[[ RECORDS FOR THIS TASK, beginning ]]

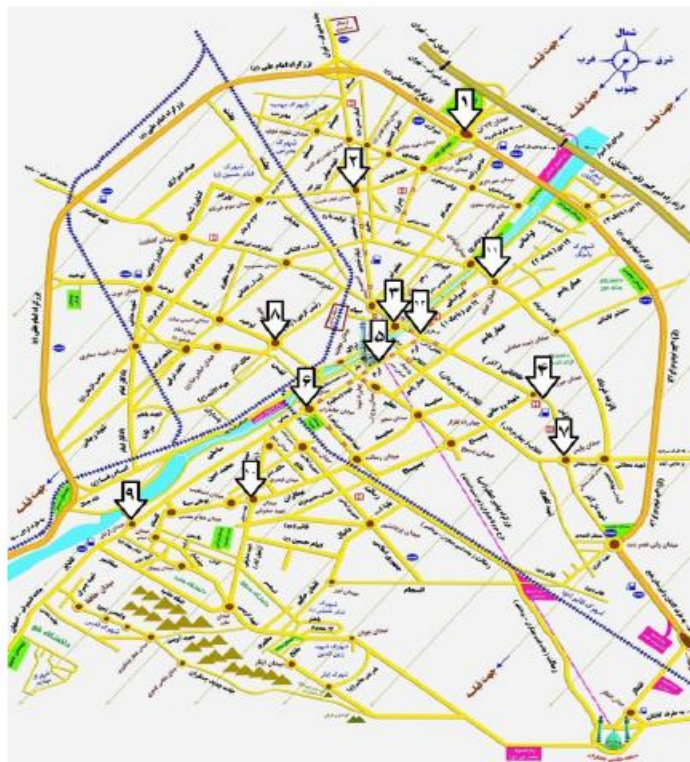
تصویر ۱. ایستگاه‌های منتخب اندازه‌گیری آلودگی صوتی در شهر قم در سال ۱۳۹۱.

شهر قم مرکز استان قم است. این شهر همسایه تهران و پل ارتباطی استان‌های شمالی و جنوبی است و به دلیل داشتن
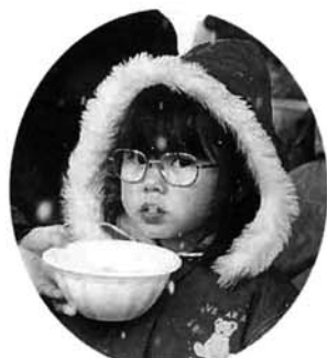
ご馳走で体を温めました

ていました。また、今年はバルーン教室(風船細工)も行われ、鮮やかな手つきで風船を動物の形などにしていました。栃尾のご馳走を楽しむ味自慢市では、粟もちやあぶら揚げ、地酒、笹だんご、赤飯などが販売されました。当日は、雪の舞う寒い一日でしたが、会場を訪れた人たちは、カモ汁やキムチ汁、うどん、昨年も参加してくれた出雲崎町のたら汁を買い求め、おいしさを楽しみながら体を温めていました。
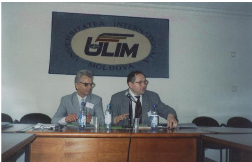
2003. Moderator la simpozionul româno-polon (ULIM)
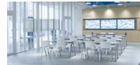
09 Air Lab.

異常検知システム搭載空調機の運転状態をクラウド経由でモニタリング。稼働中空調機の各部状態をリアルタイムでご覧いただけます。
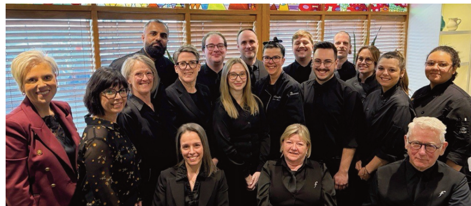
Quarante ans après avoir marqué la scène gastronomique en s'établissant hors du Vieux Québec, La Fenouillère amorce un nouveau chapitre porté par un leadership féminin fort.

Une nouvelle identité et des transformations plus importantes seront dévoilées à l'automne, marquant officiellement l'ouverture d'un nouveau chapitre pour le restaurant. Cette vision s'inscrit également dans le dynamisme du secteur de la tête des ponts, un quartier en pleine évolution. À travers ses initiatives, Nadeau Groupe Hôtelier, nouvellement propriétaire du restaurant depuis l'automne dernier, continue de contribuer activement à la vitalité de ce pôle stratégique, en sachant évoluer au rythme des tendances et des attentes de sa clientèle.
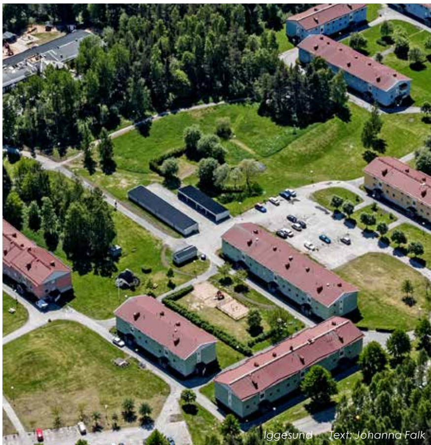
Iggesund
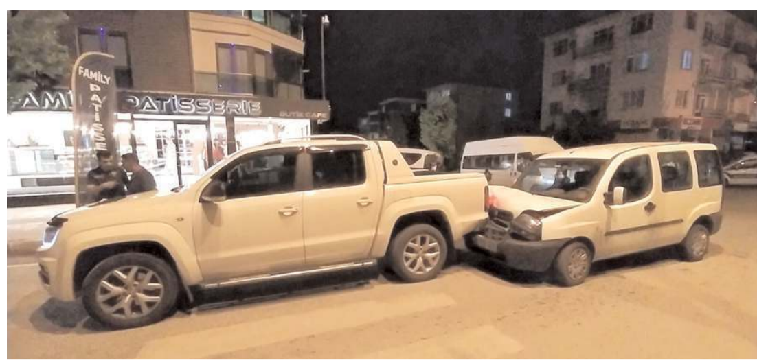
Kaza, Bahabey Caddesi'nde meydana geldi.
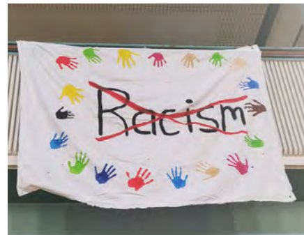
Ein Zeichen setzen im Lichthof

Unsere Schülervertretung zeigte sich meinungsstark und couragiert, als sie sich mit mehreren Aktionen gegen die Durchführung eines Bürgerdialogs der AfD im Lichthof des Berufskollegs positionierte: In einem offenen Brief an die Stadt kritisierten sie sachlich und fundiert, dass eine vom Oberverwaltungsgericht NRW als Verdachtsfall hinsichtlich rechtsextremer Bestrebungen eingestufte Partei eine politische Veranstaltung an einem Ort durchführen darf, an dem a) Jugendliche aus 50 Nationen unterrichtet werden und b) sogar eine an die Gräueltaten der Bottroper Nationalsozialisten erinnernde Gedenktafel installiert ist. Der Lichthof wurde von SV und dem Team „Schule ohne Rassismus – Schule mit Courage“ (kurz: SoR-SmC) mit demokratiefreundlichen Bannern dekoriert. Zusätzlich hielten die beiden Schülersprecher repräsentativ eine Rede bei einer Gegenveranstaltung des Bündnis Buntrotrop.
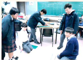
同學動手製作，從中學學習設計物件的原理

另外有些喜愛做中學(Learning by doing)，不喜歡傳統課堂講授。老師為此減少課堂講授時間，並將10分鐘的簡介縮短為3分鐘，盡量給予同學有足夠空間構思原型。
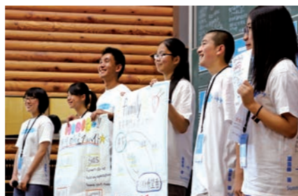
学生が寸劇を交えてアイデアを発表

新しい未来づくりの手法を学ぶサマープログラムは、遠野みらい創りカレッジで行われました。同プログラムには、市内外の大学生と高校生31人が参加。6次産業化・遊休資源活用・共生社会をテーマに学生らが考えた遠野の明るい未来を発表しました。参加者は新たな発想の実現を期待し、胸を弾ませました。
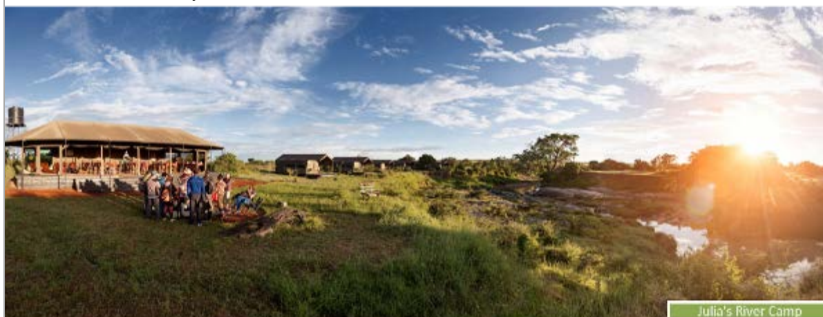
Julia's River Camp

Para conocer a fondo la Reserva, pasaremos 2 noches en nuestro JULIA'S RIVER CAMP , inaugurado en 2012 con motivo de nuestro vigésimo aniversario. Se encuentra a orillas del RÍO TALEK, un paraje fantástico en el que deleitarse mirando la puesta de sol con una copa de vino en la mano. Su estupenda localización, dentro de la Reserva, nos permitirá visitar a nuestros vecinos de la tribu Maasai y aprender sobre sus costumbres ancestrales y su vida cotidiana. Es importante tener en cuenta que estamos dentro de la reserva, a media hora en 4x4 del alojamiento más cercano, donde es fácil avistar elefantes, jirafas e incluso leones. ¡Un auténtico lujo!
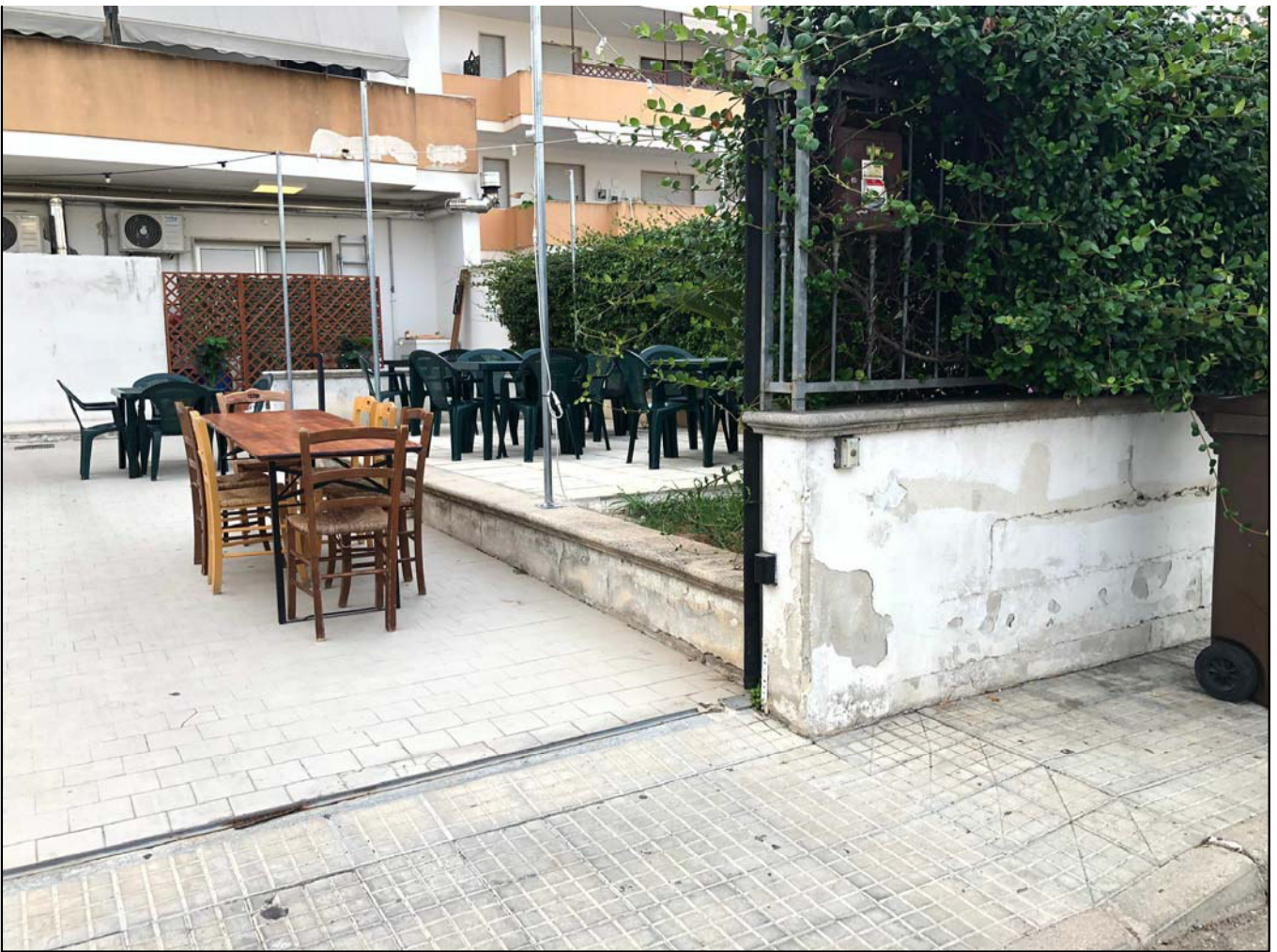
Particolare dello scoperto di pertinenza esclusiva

[[ RECORDS FOR THIS TASK, end ]]
[[ RECORDS FOR THIS TASK, beginning ]]

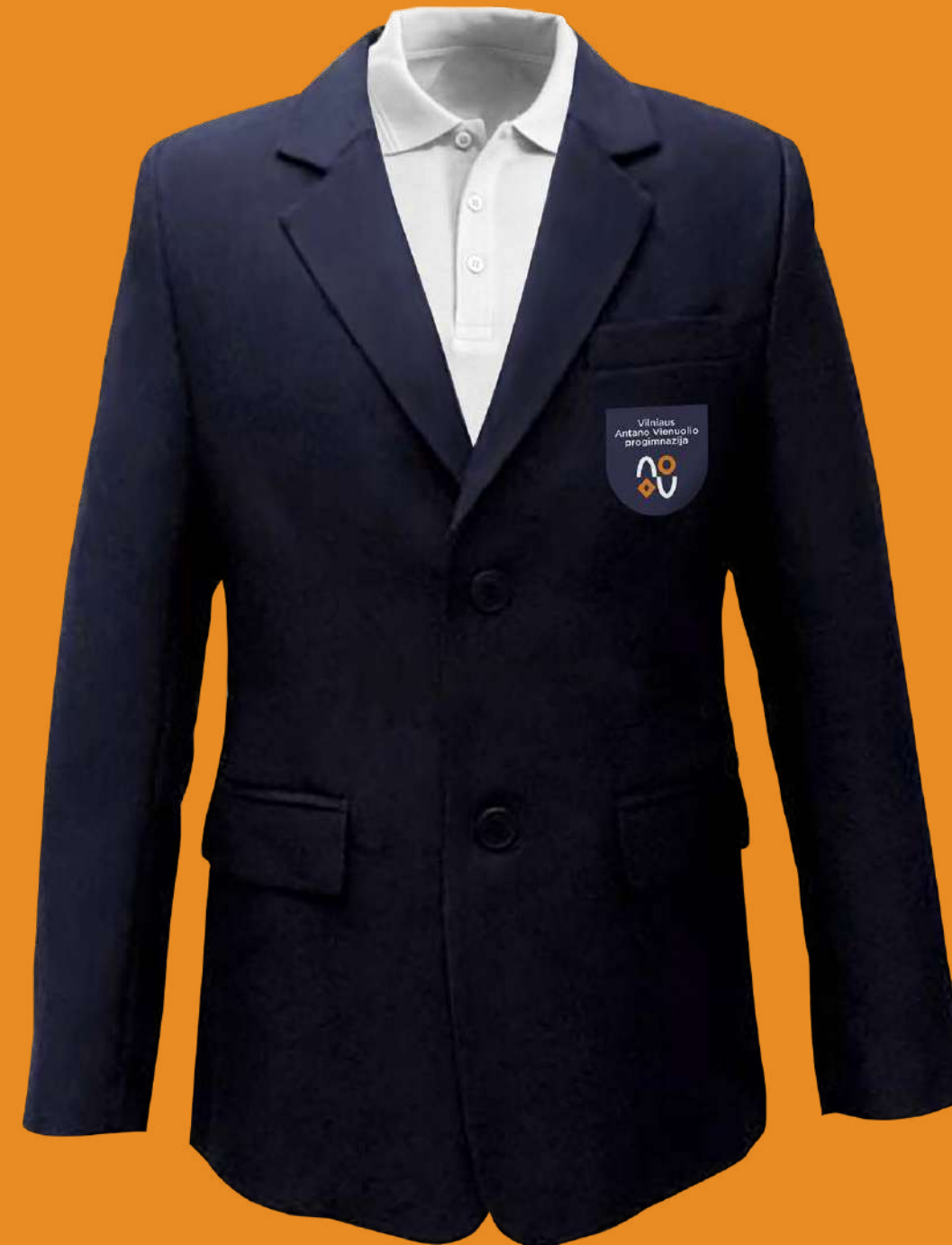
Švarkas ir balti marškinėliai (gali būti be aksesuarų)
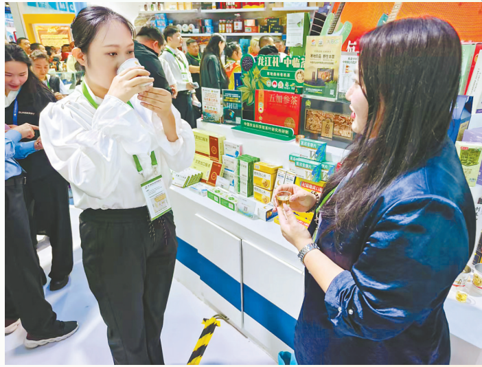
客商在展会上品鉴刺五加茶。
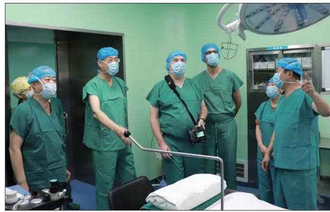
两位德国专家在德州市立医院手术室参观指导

[[ RECORDS FOR THIS TASK, end ]]

TASK DETAILS: Your answer should be the lines above, word for word, from the line with "Une nouvelle identité" through the line with "Ein Zeichen setzen im Lichthof", minus the pictures.

SOLUTION TO THIS TASK:
Une nouvelle identité et des transformations plus importantes seront dévoilées à l'automne, marquant officiellement l'ouverture d'un nouveau chapitre pour le restaurant. Cette vision s'inscrit également dans le dynamisme du secteur de la tête des ponts, un quartier en pleine évolution. À travers ses initiatives, Nadeau Groupe Hôtelier, nouvellement propriétaire du restaurant depuis l'automne dernier, continue de contribuer activement à la vitalité de ce pôle stratégique, en sachant évoluer au rythme des tendances et des attentes de sa clientèle.
Iggesund
Kaza, Bahabey Caddesi'nde meydana geldi.
Ein Zeichen setzen im Lichthof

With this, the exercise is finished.